Furthermore Field posed a significant question based on a joint committee report into Carillion: should the FRC’s powers be extended further to include the punishment and investigation of all directors ‘exerting financial influence over financial statements’ who are part of the same investigation.

Field asked: “Would the FRC agree that this would be a welcome extension of their powers?” He added: “Would the FRC have opened investigations into other members of senior management if they had the ability to do so?”

The FRC have yet to comment on Field’s letter to them. A spokesperson for the FRC has said that it planned to respond to Mr Field “in due course.”

A reformed FRC

The UK Institute of Directors (IoD) said that the recent corporate failures have highlighted the need to review of the purpose of the statutory audit and how it is overseen by the regulator in its response to the ongoing review into the FRC.

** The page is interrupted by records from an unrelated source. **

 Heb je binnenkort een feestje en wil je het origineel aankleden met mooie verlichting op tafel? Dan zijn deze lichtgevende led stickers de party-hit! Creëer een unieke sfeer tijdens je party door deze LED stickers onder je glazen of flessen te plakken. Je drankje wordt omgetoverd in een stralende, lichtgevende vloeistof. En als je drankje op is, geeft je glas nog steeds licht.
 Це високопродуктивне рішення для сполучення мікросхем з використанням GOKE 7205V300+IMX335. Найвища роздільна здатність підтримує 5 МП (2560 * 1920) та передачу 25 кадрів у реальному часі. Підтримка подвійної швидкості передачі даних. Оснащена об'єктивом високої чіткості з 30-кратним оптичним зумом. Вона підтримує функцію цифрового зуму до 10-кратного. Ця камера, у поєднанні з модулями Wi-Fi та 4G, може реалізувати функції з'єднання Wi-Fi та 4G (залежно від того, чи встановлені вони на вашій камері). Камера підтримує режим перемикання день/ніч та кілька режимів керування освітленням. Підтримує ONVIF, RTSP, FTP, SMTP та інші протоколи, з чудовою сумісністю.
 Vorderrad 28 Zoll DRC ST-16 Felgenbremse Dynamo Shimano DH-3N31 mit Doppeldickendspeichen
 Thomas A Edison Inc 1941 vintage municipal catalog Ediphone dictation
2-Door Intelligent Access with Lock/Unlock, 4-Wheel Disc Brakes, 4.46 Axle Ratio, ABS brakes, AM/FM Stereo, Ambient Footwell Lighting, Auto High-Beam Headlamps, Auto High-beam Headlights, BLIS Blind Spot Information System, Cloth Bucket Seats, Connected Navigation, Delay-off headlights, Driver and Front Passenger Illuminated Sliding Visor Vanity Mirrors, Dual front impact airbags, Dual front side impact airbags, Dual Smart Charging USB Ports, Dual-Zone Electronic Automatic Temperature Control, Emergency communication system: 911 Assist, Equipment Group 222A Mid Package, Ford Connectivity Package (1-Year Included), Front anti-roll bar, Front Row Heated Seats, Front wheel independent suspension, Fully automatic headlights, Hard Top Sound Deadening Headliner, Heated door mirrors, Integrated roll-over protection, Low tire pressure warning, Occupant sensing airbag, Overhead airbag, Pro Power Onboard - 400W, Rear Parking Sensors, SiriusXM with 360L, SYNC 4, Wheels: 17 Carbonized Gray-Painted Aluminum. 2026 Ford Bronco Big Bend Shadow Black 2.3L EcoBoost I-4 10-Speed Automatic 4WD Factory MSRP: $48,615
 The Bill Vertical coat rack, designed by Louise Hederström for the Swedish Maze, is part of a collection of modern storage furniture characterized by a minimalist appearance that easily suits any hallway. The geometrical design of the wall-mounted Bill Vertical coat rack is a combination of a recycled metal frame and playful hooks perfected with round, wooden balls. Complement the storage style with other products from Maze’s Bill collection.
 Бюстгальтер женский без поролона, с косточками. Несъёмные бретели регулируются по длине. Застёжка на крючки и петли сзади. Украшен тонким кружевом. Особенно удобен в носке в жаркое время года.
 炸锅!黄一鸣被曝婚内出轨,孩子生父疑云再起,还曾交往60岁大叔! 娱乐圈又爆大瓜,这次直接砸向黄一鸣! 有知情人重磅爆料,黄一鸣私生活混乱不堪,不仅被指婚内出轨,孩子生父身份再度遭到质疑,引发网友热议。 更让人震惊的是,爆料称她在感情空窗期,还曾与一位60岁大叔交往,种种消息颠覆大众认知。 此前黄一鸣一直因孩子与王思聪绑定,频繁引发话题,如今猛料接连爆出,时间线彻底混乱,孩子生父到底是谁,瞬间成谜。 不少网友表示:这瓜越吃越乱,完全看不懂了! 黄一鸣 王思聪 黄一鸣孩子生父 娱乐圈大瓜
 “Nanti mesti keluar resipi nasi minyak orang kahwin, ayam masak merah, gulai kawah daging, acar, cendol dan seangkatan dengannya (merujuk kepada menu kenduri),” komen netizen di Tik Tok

This review was launched in April by the government, and led by Sir John Kingman. The review is due for completion at the end of 2018 and will assess the FRC on issues such as governance, impact and their powers to ensure that it is transformed and ready for the future.

The IoD has said an independent Corporate Governance Commission should be established. The purpose of this would be to oversee the UK’s corporate governance framework so that the FRC could solely focus on its core task of improving company audits.

In its submission to the Department for Business, Energy and Industrial Strategy consultation on the independent review of the FRC, the business group proposed that the UK’s governance and stewardship codes be administered by an independent body with close links to business and investors, rather than simply being an ‘add on’ to an accounting regulator.

The IoD added that the new commission would engage with the industry to create a greater accountability and transparency of the UK’s corporate governance framework.

This would transform the UK Corporate Governance Code, it said, making it more transparent with clearer lines of accountability, rather than being subsumed by a large regulator whose corporate governance is just one concern amongst many.

IoD’s head of corporate governance Dr Roger Barker commented: “The FRC has for many years done a good job acting as the keeper of the UK’s corporate governance code, but we feel its centralised decision-making structure is not conducive to the differing regulatory approaches needed for governance and stewardship on the one hand, and statutory audit on the other. There must be a clear distinction between being robust on audit quality, while continuing to nurture the UK’s much admired principles-based corporate governance regime.”

Furthermore the IoD has also proposed an industry led professional standards board who will be tasked with the upholding high standards of director competence and continuing professional development.